Это выяснялось с годами и опытом: «время вспышек прошло», — грустно заметил в письме к Чехову старший брат Александр, ставший газетным репортером.
Увлекался литературой и младший из братьев Чеховых, Михаил, издававший впоследствии журнал для детей, печатавший свои рассказы под псевдонимом «М. Богемский». В 1879 году ему было 15 лет, он жил в Москве. Чехов писал ему из Таганрога: «Хорошо делаешь, если читаешь книги. Привыкай читать. Со временем ты эту привычку оценишь. Мадам Бичер-Стоу выжала из глаз твоих слезы? Я ее когда-то читал, прочел и полгода назад с научной целью и почувствовал после чтения неприятное ощущение, которое чувствуют смертные, наевшись не в меру изюму или коринки… Прочти ты следующие книги: «Дон-Кихот» (полный, в 7 или 8 частей)… Сервантеса, которого ставят чуть ли не на одну доску с Шекспиром. Советую братьям прочесть, если они еще не читали, «Дон-Кихот и Гамлет» Тургенева. Ты, брате, не поймешь. Если желаешь прочесть нескучное путешествие, прочти «Фрегат «Паллада» Гончарова…»

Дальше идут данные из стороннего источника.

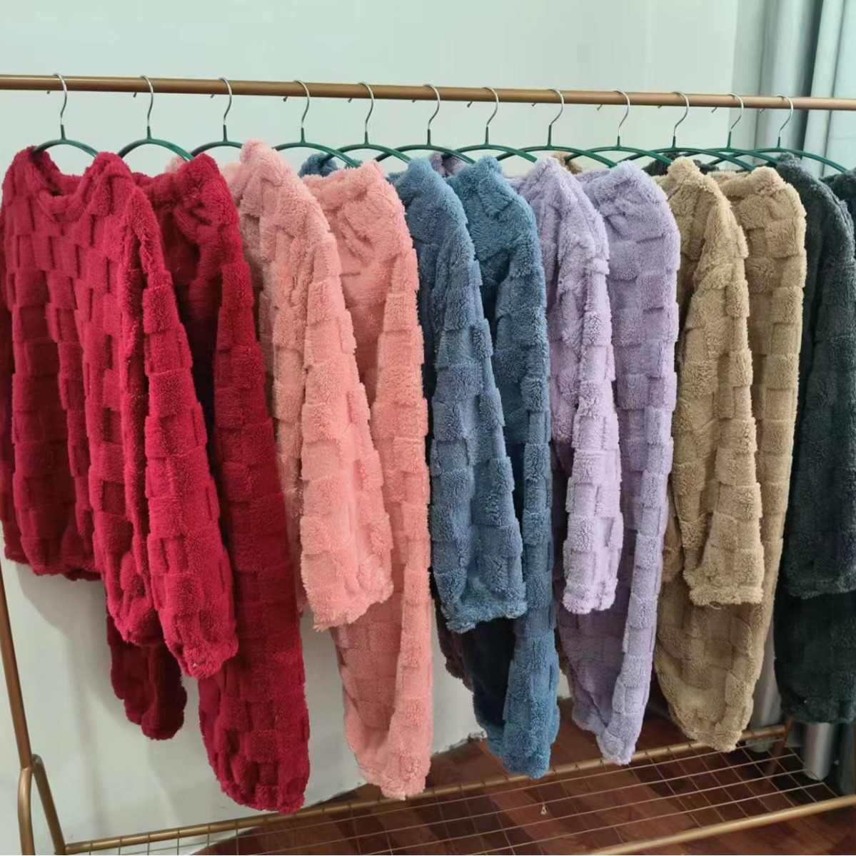 리얼 샷 가을과 겨울 스퀘어 코튼 벨벳 파자마 세트 홈 의류 여성 기모 두꺼운 코랄 벨벳 따뜻한 투피스 세트스토어 가기
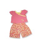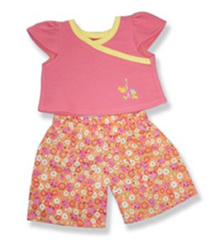 -. Feature : Peach teddy bear outfit / peach top with yellow trim / floral P.R.Int pants / fits 15 inch plush / 2 piece outfit
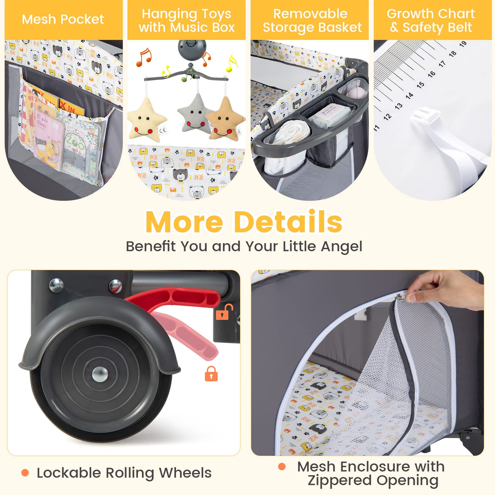 Parc pliable 5-en-1 pour bébé, lit de chevet avec berceau, table à langer, berceau pliable, aire de jeux portable
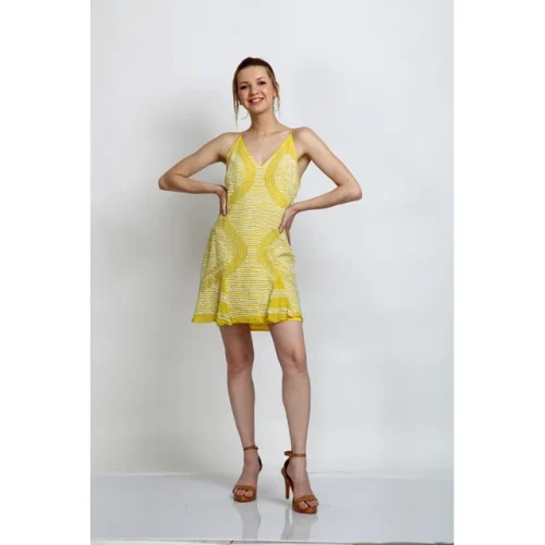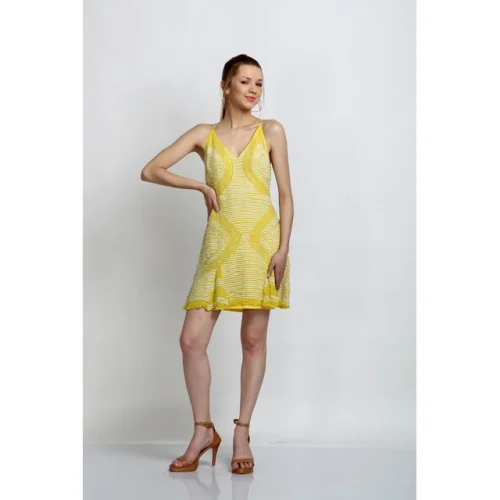 Product Name: Yellow Halter Neck Bodycon Dress Women Trendy Sleeveless Summer Dress Elegant Fit Flare Casual Beachwear Stylish Cocktail Dress
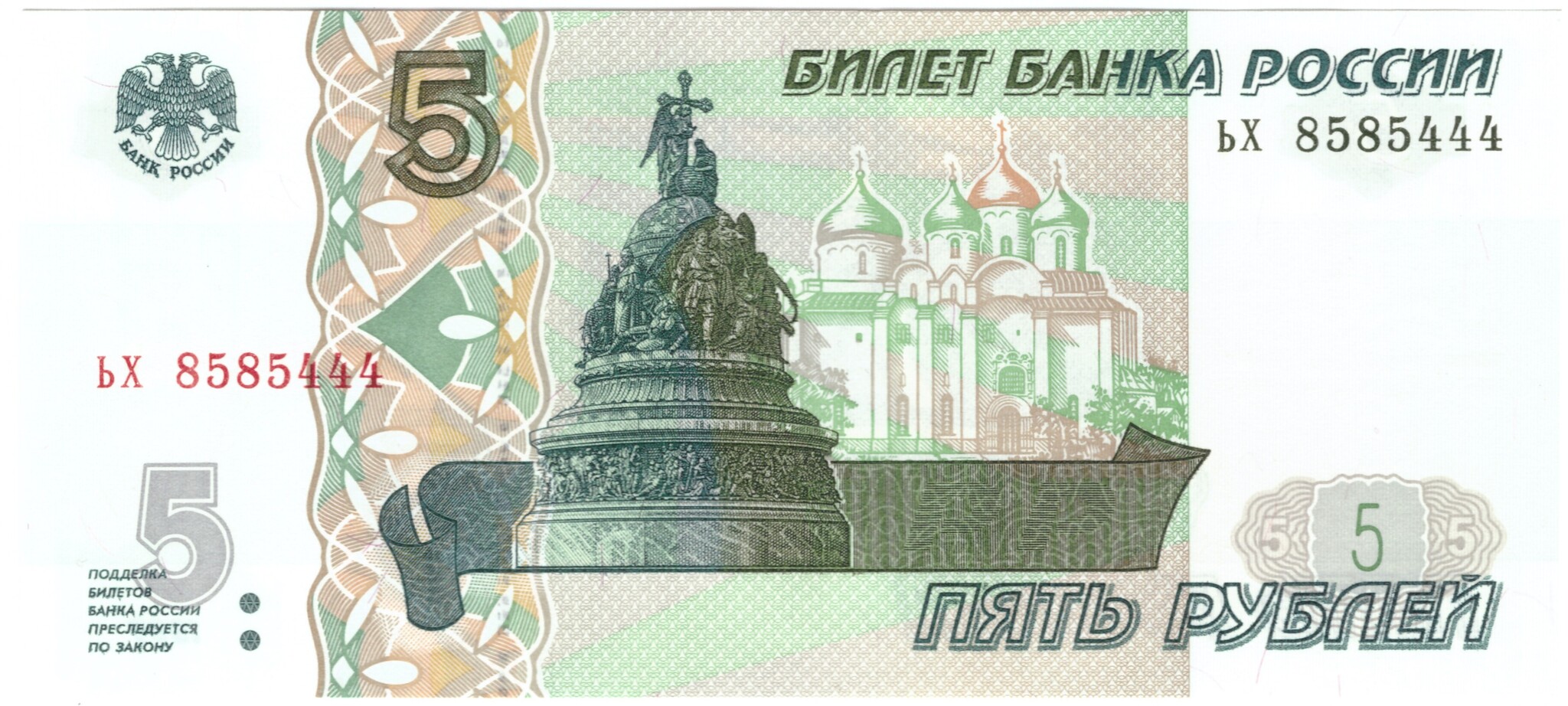5 рублей 1997 банкнота UNC пресс Красивый номер ЬХ 8585444
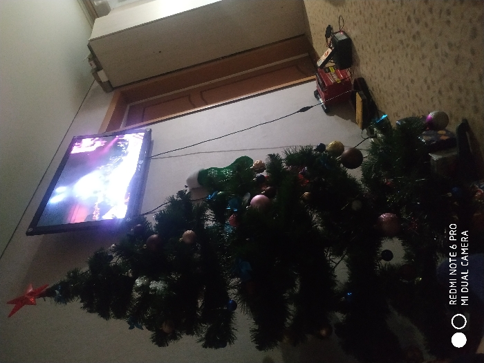 The scene depicts an indoor domestic environment, specifically a room in the city of Chaikovsky, Russia. A dark green artificial Christmas tree, adorned with various colored baubles and topped with a red five-pointed star, occupies the left foreground and midground. A green Christmas stocking with white trim is partially visible hanging from the tree on the right side. Above and slightly to the right of the tree, a flat-screen television is mounted on a light-colored wall. The television screen displays bright, illuminated imagery, possibly a concert or stage performance, with prominent white and purple light effects. To the right of the television, a light-colored wooden door frame is visible, leading to an unseen area. Further to the right, a tall, light-colored wardrobe or cabinet stands against the wall, with an unidentified light-colored object placed on its top. The floor is covered with a light-colored, patterned carpet or linoleum. On the floor in the midground, near the base of the wall, a red, rectangular object (possibly a toolbox or a portable heater) and a black electronic device are present, accompanied by visible cables running along the wall and floor. No individuals are present in the image. The lighting is dim, primarily originating from the television screen and ambient sources, consistent with an interior setting during low light conditions. The bottom left of the image displays a "REDMI NOTE 6 PRO MI DUAL CAMERA" watermark.

Это знаменитое письмо, которое приводится едва ли не в каждой биографии Чехова (вот как рано начал читать серьезные книги будущий классик), тем и примечательно, что было слишком серьезным для младшего брата: здесь нет ни Жюля Верна, ни Виктора Гюго, на которых Чехов скоро напишет пародии, ни других книг для юношества, отечественных и переводных (их было довольно много в те времена). Выбор Чехова отмечен высоким и строгим вкусом, и об этом особенно важно знать потому, что как раз в эту пору он складывался как писатель, придирчиво изучал особенности и тонкости литературной техники в ее прекрасных классических образцах, не всегда интересных для рядового читателя.
Едва ли не самой важной среди упомянутых книг был, конечно, «Дон-Кихот Ламанчский» — эта Библия мировой пародии, первоисток и прообраз единственной в своем роде пародийной стилистики Чехова, книга о страсти к чтению, о безумии литературных увлечений. Впоследствии все это станет особой художественной темой Чехова, но в своем истоке она восходит к гимназическим временам.
Общеизвестна схема творческой эволюции Чехова, возникшая при его жизни и вызвавшая ироническое его замечание: «Ну вот, то не было ни одного периода, а теперь сразу три».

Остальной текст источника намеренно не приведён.